Information supplied.
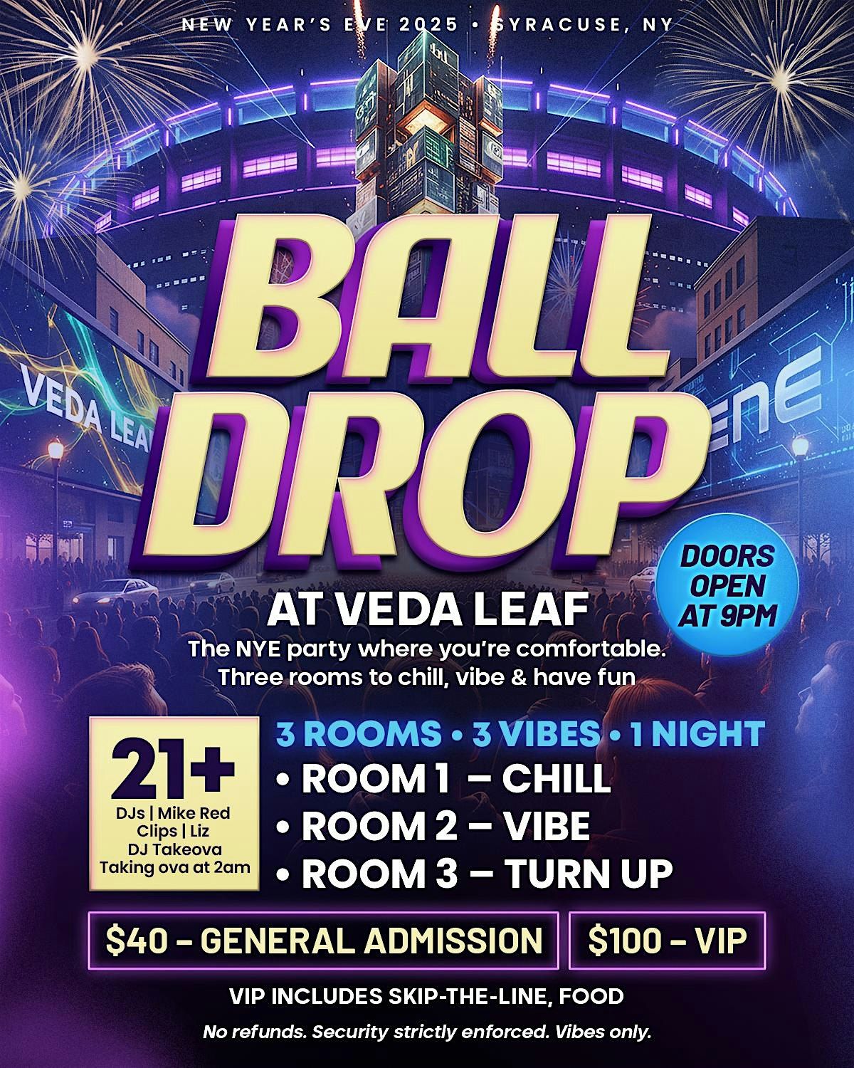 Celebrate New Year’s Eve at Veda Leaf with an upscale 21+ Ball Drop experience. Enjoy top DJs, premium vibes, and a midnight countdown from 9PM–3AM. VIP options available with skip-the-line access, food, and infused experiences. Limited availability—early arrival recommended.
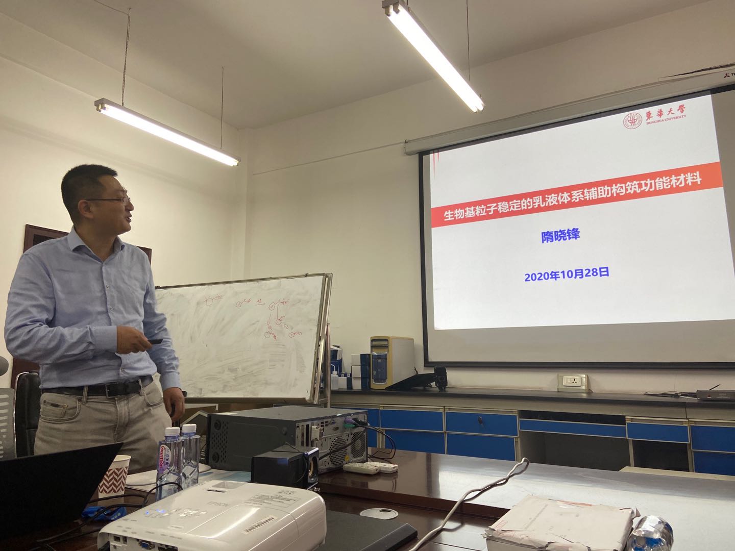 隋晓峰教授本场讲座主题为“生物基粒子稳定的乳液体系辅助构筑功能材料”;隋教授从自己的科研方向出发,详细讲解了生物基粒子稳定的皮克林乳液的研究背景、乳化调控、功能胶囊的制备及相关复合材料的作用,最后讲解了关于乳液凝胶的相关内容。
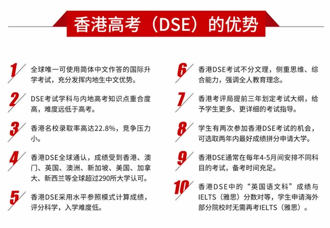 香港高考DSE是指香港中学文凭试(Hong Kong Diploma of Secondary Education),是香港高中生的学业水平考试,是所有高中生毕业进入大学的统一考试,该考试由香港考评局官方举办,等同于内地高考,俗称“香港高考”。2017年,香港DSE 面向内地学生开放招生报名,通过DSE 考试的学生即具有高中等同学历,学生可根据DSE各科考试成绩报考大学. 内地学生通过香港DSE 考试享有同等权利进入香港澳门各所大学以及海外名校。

...

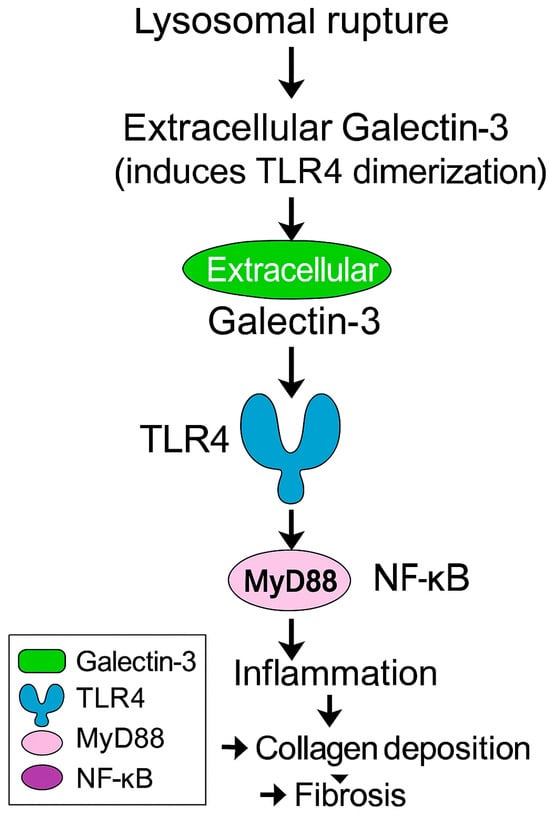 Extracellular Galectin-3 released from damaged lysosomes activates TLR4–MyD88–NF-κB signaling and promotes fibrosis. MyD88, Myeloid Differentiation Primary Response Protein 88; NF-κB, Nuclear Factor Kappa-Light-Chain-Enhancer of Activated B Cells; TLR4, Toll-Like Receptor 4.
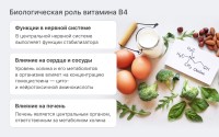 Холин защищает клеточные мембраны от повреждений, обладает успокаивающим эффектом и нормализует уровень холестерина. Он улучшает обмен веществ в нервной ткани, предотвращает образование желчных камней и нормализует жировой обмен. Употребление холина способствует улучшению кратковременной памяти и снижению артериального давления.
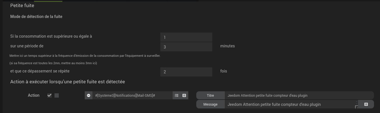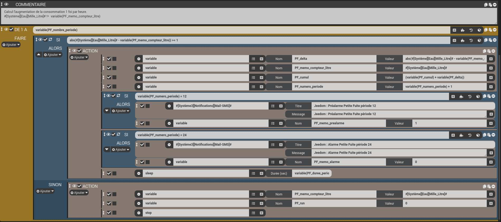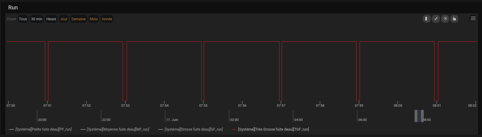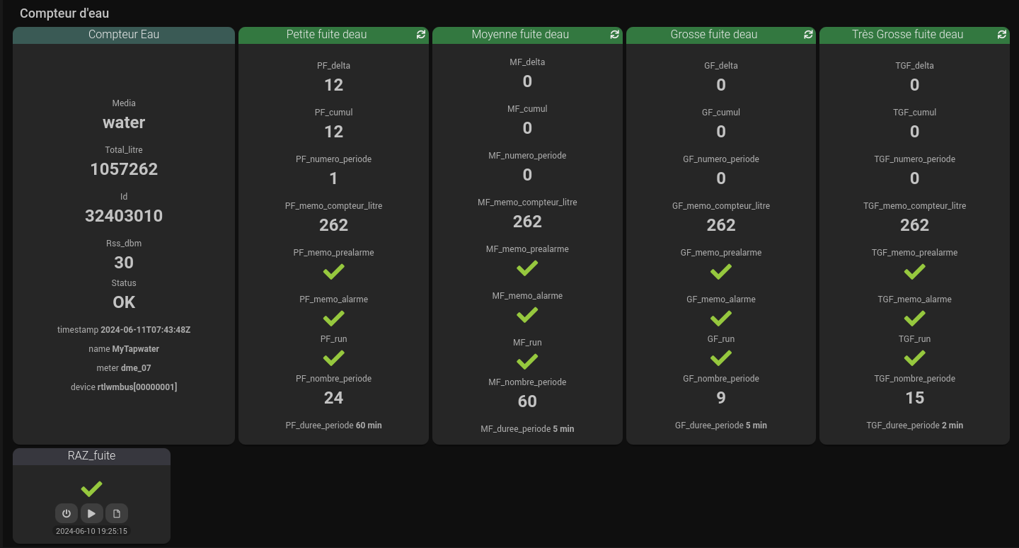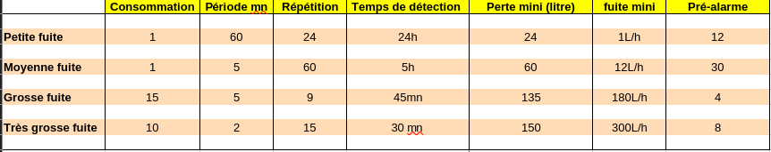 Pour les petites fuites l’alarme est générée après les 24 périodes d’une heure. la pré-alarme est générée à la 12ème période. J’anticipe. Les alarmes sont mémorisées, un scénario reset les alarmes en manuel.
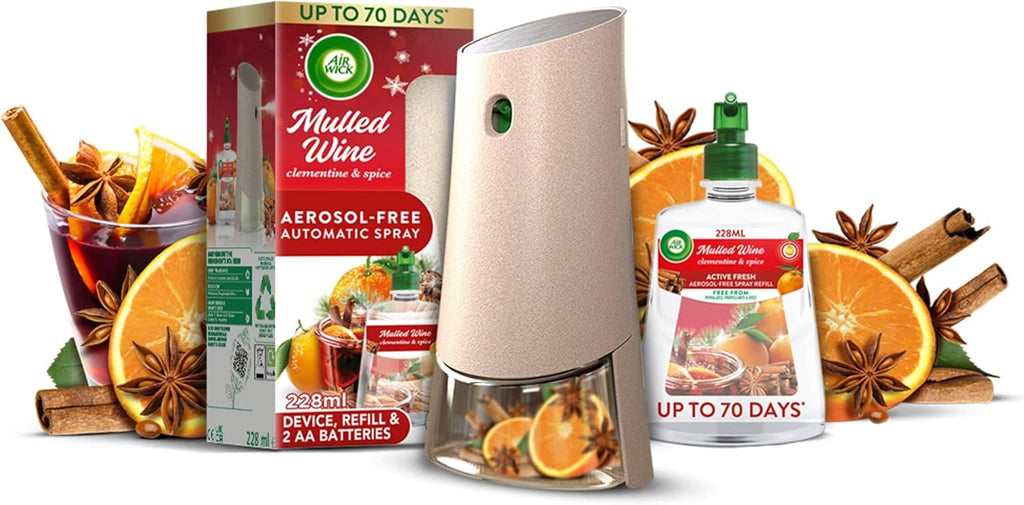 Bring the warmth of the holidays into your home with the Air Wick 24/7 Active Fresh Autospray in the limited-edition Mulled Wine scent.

Try it. Each line between the one holding "Celebrate New Year’s" and the one holding "香港高考DSE是指香港中学文凭试(Hong Kong Diploma", inclusive, should be copied exactly as it appears above, and pictures should be omitted.

Response area.
 Celebrate New Year’s Eve at Veda Leaf with an upscale 21+ Ball Drop experience. Enjoy top DJs, premium vibes, and a midnight countdown from 9PM–3AM. VIP options available with skip-the-line access, food, and infused experiences. Limited availability—early arrival recommended.
 隋晓峰教授本场讲座主题为“生物基粒子稳定的乳液体系辅助构筑功能材料”;隋教授从自己的科研方向出发,详细讲解了生物基粒子稳定的皮克林乳液的研究背景、乳化调控、功能胶囊的制备及相关复合材料的作用,最后讲解了关于乳液凝胶的相关内容。
 香港高考DSE是指香港中学文凭试(Hong Kong Diploma of Secondary Education),是香港高中生的学业水平考试,是所有高中生毕业进入大学的统一考试,该考试由香港考评局官方举办,等同于内地高考,俗称“香港高考”。2017年,香港DSE 面向内地学生开放招生报名,通过DSE 考试的学生即具有高中等同学历,学生可根据DSE各科考试成绩报考大学. 内地学生通过香港DSE 考试享有同等权利进入香港澳门各所大学以及海外名校。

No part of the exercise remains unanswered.